What you should do >> Repeat every line of the data exactly; the pictures stay out.

Given information >>
=== Begin Enclosure ===

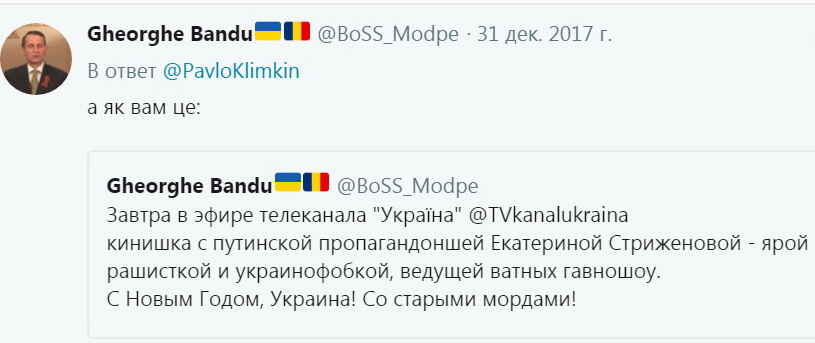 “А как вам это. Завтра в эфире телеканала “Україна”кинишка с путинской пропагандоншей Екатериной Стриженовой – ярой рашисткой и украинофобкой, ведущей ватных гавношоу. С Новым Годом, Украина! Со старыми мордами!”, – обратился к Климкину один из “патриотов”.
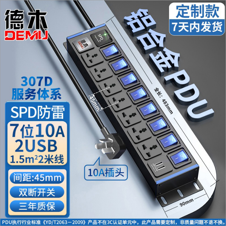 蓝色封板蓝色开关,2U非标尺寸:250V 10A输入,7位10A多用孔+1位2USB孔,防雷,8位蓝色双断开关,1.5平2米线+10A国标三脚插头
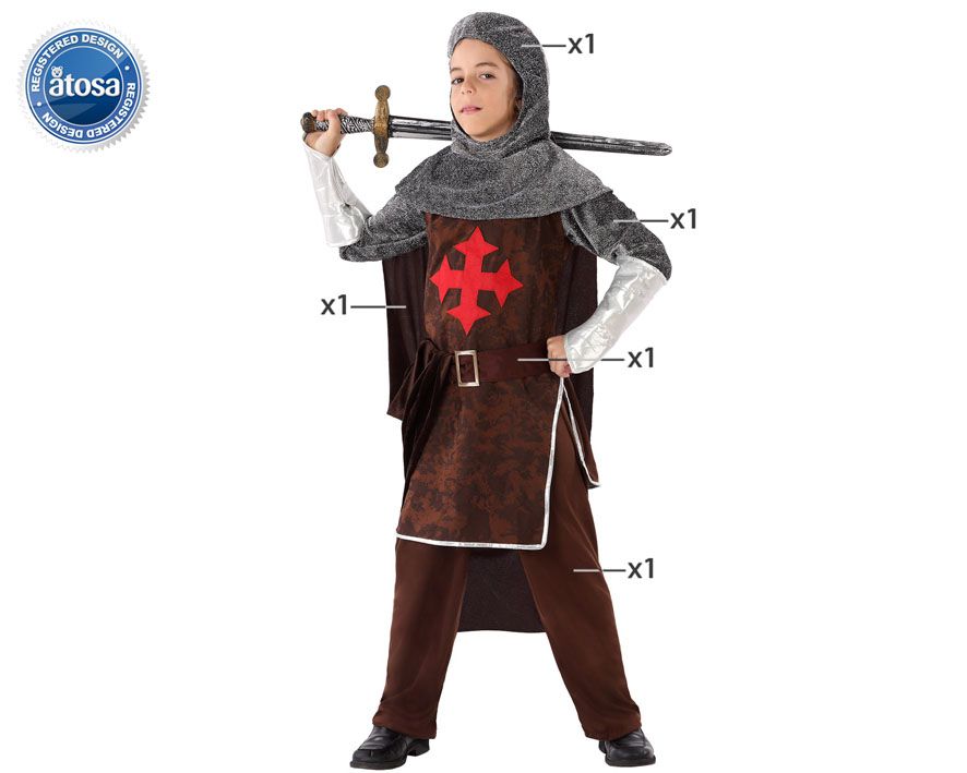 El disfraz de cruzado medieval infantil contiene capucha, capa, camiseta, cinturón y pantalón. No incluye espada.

=== End Enclosure ===

Your response >>
 “А как вам это. Завтра в эфире телеканала “Україна”кинишка с путинской пропагандоншей Екатериной Стриженовой – ярой рашисткой и украинофобкой, ведущей ватных гавношоу. С Новым Годом, Украина! Со старыми мордами!”, – обратился к Климкину один из “патриотов”.
 蓝色封板蓝色开关,2U非标尺寸:250V 10A输入,7位10A多用孔+1位2USB孔,防雷,8位蓝色双断开关,1.5平2米线+10A国标三脚插头
 El disfraz de cruzado medieval infantil contiene capucha, capa, camiseta, cinturón y pantalón. No incluye espada.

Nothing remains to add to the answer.